Я приоткрыла глаза и узрела тусклые крашеные стены и потолок. Потолок был беленый и скучный. Я вздохнула и шевельнулась – раны полыхнули болью, так, что я едва не взвыла и замерла. Непроизвольно дернула руку и поняла, что запястье охватывает что-то холодное и жгучее. Я покосилась и обнаружила, что, во-первых, лежу на узкой и жесткой койке, а во-вторых, что правая рука наручником прикована к спинке кровати. Ясно, серебро. Чтобы не могла обратиться. Все правильно, все логично. Пришлось мне улечься обратно.

– Очнулась? – осведомился кто-то справа.

– Ага, – машинально отозвалась я, оборачиваясь на голос. Рядом стояла еще одна койка, на которой, закинув руки за голову, лежал высокий, крепкий мужчина. Он меня разглядывал, и я машинально натянула повыше тонкое одеяло. Он усмехнулся, пожевал спичку, которую держал во рту, и констатировал:

– Скромница. Поздно уж стесняться. Чего я там не видел, пока тебя перевязывали.

Должно быть, я покраснела – мужик рассмеялся.

– Не боись, – продолжал он, – не помрешь теперь. Правду говорят, что ты тварь?

– Тварь, – не стала спорить я. – А я где?

Мужик расхохотался пуще прежнего.

Я огляделась – комната оказалась большая, абсолютно безликая. Вдоль стены стояли койки. Было их штук семь, но заняты были только две – собственно, мной и моим нежданным собеседником. Дверь была плотно закрыта.

Тем временем мужик отсмеялся и соизволил дать мне пояснение:

– Ты, – сказал он, – в тюремном лазарете.

– Это хорошо, – сказала я.

А что тут еще скажешь? Конечно, хорошо, раз я пока живая, хотя и напоминаю, наверное, дуршлаг. Через меня скоро можно будет макароны отбрасывать.

– Тебя, – сказал мне мужик, – говорят, сам полковник велел сюда поместить. А нечисть в Городе обычно сразу убивают. Странно, правда?.. – И он холодно прищурился, пристально изучая меня.

– А вы тут что делаете? – спросила я.

– Лечусь, – ответил мужик, снова пожевав зубочистку.

– А в тюрьме?

– Так, по мелочи… – уклончиво отозвался мой сосед.

– За мелочи теперь не сажают – каждый мужик на счету, – заметила я.

– Много ты понимаешь, – сказал он, зевнул и снова уткнулся в книжку, которую читал до этого.

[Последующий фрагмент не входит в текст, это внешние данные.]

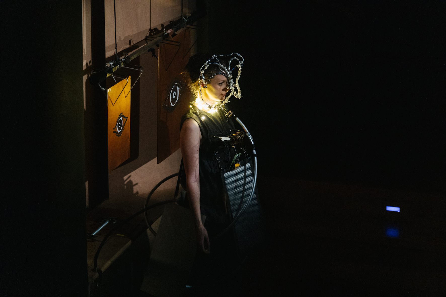 Pour l'heure, et dans une salle des concerts bondée, quatre groupes de cuivres rehaussés de percussions résonnantes sont répartis dans les galeries supérieures pour le Salut bien sonnant. Les musiciens du Conservatoire régional de Paris épaulent ceux du Balcon, tout de noir vêtus dans cette fanfare inaugurale plutôt sombre et lancinante, où sept trombones (l'instrument de Lucifer) font entendre leurs glissades dépressives. Rappelons que Lucifer est frère de Michael et s'oppose à lui en tant qu'esprit de rébellion, qui nie et ne connaît pas l'amour. Dans le système codifié de Stockhausen et la symbolique des nombres qui infiltre toute l'écriture de Licht, le 13 est associé à Michael et le 11 à Lucifer (la somme de 24 n'est sans doute pas anodine). Comme dans Donnerstag, les personnages sur scène comptent très fréquemment plus qu'ils ne parlent ou ne chantent. Pianiste mais aussi acteur et performeur impressionnant, qui donne également de la voix, Alphonse Cemin en toge noire est aux côtés de la basse Damien Pass dans la première scène de Samstag, Le rêve de Lucifer associant couches temporelles et strates lumineuses. Le pianiste interprète rien moins que le Klavierstück XIII de Stockhausen, une pièce de trente-cinq minutes théâtralisée par le compositeur, dont l'écriture puissante, inventive et habitée incarne l'esprit créateur de Michael. Lucifer, engoncé dans son sofa, s'est endormi et feint la mort.
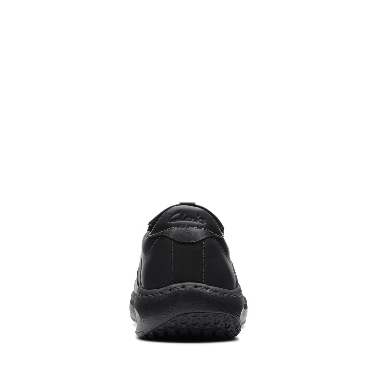 The Clarkspro Step men’s black slip on shoes are comfortable and casual. These men’s H fit Clarks shoes are wide fitting, easy to slip on and have a smooth, breathable leather upper.
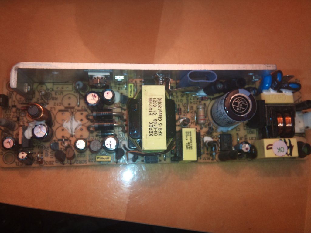 Ez a vékonykliens gép tényleg nem eszik sokat az adatlapja szerint:18W, emiatt érdemes vele foglalkozni. A kondenzátoroknál a 470µF -ot tartom legvalószínűbbnek, a beszerzésnél figyelj oda, hogy kis impedanciájú low esr legyen. Még egy gondolat. Standby módban a hűtés hiánya miatt is lassan kiszáradnak a kondenzátorok -8W-ot disszipál a kis méretű táp-, érdemes teljesen áramtalanítani.
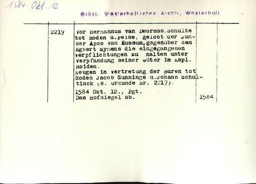 | Bestand | Westerholt-Westerholt, Urkunden | alle Regesten |

Я вздохнула. Мне хотелось встать, расправить плечи, потянуться – хоть бы и с ранами. Рука затекла, кожу неприятно жгло серебро.

Тут дверь заскрипела и приоткрылась. Показался патрульный, правда, незнакомый. Я его еще не видела – наверное, он из другого отряда.

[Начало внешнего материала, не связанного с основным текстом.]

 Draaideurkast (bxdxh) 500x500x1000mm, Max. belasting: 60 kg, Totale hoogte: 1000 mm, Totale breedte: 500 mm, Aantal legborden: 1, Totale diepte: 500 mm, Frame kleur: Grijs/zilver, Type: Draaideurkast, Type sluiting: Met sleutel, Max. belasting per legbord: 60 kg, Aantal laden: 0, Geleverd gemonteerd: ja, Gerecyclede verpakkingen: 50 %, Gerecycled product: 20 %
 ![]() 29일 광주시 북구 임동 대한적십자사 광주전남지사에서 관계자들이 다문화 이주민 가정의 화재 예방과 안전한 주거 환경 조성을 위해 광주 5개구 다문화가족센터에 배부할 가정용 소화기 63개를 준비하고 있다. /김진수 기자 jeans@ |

– Очнулась? – уточнил он. – Жалко…

– Что? – не поняла я.

Патрульный – молодой парень, вошел и прикрыл за собой дверь.

– Мне велено за тобой приглядывать, – сказал он, – а когда ты без сознания приглядывать проще.

– Иди нафиг, – обиделась я, отворачиваясь, насколько позволял наручник. – Тогда расстреляйте меня совсем. Вообще просто будет.

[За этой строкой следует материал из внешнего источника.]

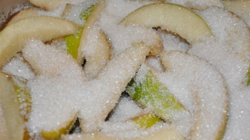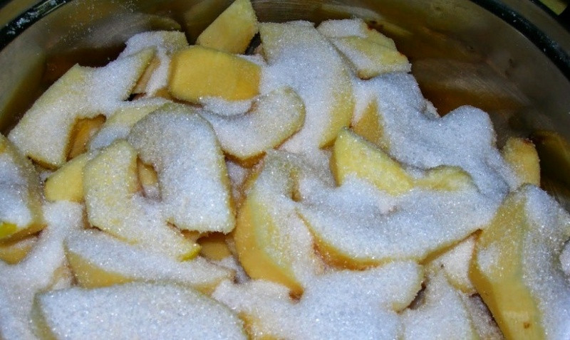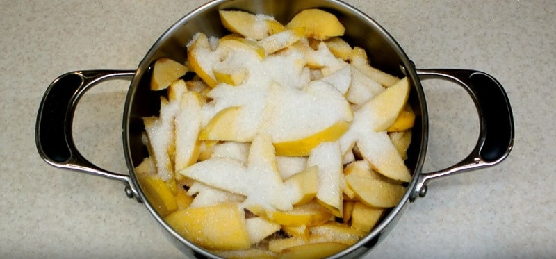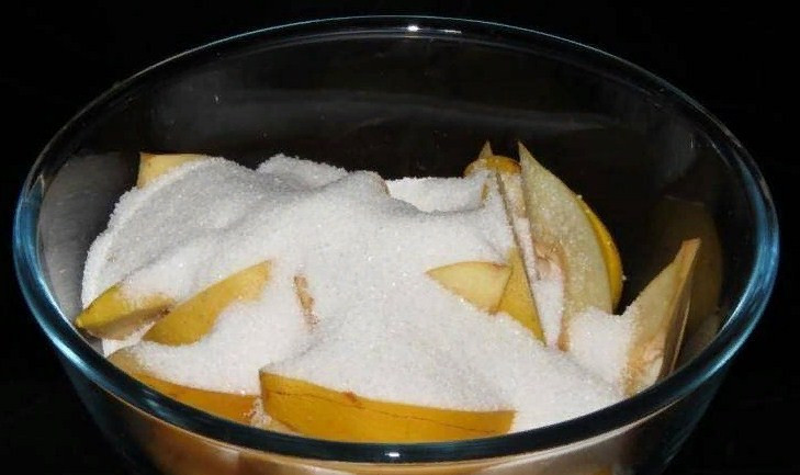 2. Теперь складываем нарезанные дольки в тару и засыпаем их сахаром. В таком виде айву нужно оставить на несколько часов. Необходимо дождаться, когда плоды пустят сок.

Патрульный пожал плечами и не отозвался.

Мне было обидно. Я никого не трогала и не хотела никакого зла. А меня ни за что…

На глаза навернулись горячие слезы, по-моему, я даже хлюпнула носом. Было как-то безысходно-тоскливо. Что потом – опять прострелят?

– Ну-ну, – немного растеряно протянул патрульный. – Ты не реви. Чего ты, ну?

– Ничего, – буркнула я. – Наручники не расстегнешь?

– Не могу.

– Мне что, – уточнила я, – под себя ходить?

Патрульный смутился, правда, смутилась и я сама.

– Ладно, – решил он, – отстегнуть-то отстегну, но наручник не сниму. Потому что, сама понимаешь…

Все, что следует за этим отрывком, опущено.